Every record needs to come back as written, except for the pictures.
(RECORDS FOR PROCESSING begins)
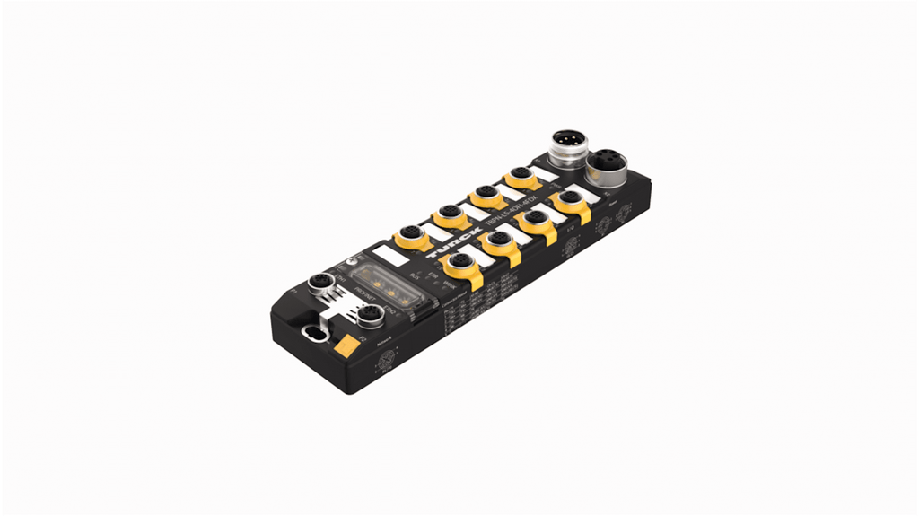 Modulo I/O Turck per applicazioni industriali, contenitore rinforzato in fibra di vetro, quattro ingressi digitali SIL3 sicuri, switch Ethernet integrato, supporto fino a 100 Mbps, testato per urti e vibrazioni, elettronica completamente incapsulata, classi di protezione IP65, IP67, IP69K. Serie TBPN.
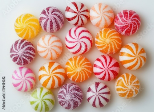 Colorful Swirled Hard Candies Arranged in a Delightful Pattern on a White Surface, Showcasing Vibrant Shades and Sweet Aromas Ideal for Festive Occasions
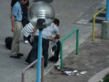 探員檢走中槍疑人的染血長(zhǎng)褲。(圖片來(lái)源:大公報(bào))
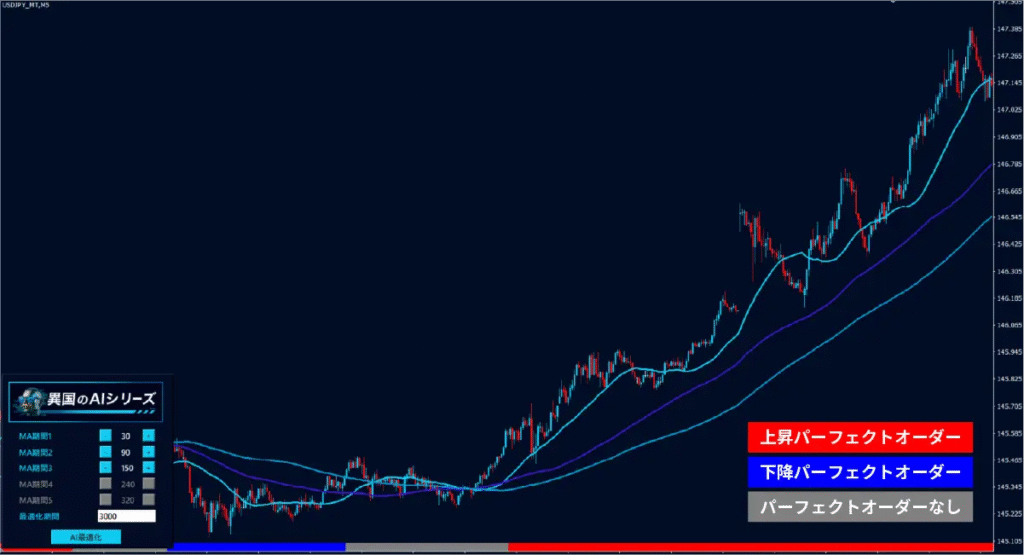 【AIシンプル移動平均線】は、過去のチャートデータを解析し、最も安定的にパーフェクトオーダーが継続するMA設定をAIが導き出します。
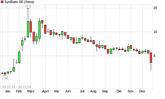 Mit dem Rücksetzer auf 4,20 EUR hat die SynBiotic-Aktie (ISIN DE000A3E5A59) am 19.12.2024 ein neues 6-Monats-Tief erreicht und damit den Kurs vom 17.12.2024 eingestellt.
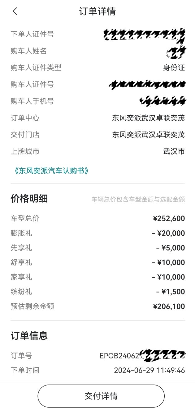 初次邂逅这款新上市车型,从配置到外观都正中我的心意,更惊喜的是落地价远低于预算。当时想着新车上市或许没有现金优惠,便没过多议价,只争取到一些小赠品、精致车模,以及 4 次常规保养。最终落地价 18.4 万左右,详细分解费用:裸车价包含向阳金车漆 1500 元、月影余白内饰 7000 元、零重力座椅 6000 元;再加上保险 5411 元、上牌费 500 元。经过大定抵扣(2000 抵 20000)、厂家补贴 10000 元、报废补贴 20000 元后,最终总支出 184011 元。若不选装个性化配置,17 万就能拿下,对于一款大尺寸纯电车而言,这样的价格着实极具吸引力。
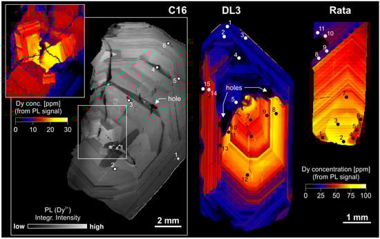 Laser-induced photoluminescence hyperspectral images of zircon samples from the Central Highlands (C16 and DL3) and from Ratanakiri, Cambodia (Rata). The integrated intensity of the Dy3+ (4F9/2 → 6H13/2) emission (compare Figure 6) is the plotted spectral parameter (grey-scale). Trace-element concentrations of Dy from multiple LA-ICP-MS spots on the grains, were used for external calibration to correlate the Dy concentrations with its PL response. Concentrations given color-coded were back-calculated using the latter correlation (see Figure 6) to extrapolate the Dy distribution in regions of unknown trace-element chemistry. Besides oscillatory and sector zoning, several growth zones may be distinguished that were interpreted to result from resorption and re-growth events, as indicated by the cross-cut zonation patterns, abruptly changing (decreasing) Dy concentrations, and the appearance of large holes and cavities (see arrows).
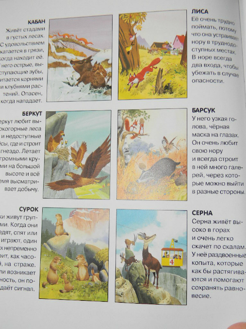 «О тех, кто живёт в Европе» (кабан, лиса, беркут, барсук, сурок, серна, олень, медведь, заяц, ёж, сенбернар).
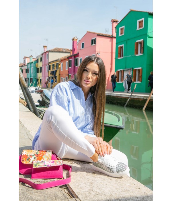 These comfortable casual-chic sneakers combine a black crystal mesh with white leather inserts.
(RECORDS FOR PROCESSING ends)
# SOLUTION TO THE PROBLEM
 Modulo I/O Turck per applicazioni industriali, contenitore rinforzato in fibra di vetro, quattro ingressi digitali SIL3 sicuri, switch Ethernet integrato, supporto fino a 100 Mbps, testato per urti e vibrazioni, elettronica completamente incapsulata, classi di protezione IP65, IP67, IP69K. Serie TBPN.
 Colorful Swirled Hard Candies Arranged in a Delightful Pattern on a White Surface, Showcasing Vibrant Shades and Sweet Aromas Ideal for Festive Occasions
 探員檢走中槍疑人的染血長(zhǎng)褲。(圖片來(lái)源:大公報(bào))
 【AIシンプル移動平均線】は、過去のチャートデータを解析し、最も安定的にパーフェクトオーダーが継続するMA設定をAIが導き出します。
 Mit dem Rücksetzer auf 4,20 EUR hat die SynBiotic-Aktie (ISIN DE000A3E5A59) am 19.12.2024 ein neues 6-Monats-Tief erreicht und damit den Kurs vom 17.12.2024 eingestellt.
 初次邂逅这款新上市车型,从配置到外观都正中我的心意,更惊喜的是落地价远低于预算。当时想着新车上市或许没有现金优惠,便没过多议价,只争取到一些小赠品、精致车模,以及 4 次常规保养。最终落地价 18.4 万左右,详细分解费用:裸车价包含向阳金车漆 1500 元、月影余白内饰 7000 元、零重力座椅 6000 元;再加上保险 5411 元、上牌费 500 元。经过大定抵扣(2000 抵 20000)、厂家补贴 10000 元、报废补贴 20000 元后,最终总支出 184011 元。若不选装个性化配置,17 万就能拿下,对于一款大尺寸纯电车而言,这样的价格着实极具吸引力。
 Laser-induced photoluminescence hyperspectral images of zircon samples from the Central Highlands (C16 and DL3) and from Ratanakiri, Cambodia (Rata). The integrated intensity of the Dy3+ (4F9/2 → 6H13/2) emission (compare Figure 6) is the plotted spectral parameter (grey-scale). Trace-element concentrations of Dy from multiple LA-ICP-MS spots on the grains, were used for external calibration to correlate the Dy concentrations with its PL response. Concentrations given color-coded were back-calculated using the latter correlation (see Figure 6) to extrapolate the Dy distribution in regions of unknown trace-element chemistry. Besides oscillatory and sector zoning, several growth zones may be distinguished that were interpreted to result from resorption and re-growth events, as indicated by the cross-cut zonation patterns, abruptly changing (decreasing) Dy concentrations, and the appearance of large holes and cavities (see arrows).
 «О тех, кто живёт в Европе» (кабан, лиса, беркут, барсук, сурок, серна, олень, медведь, заяц, ёж, сенбернар).
 These comfortable casual-chic sneakers combine a black crystal mesh with white leather inserts.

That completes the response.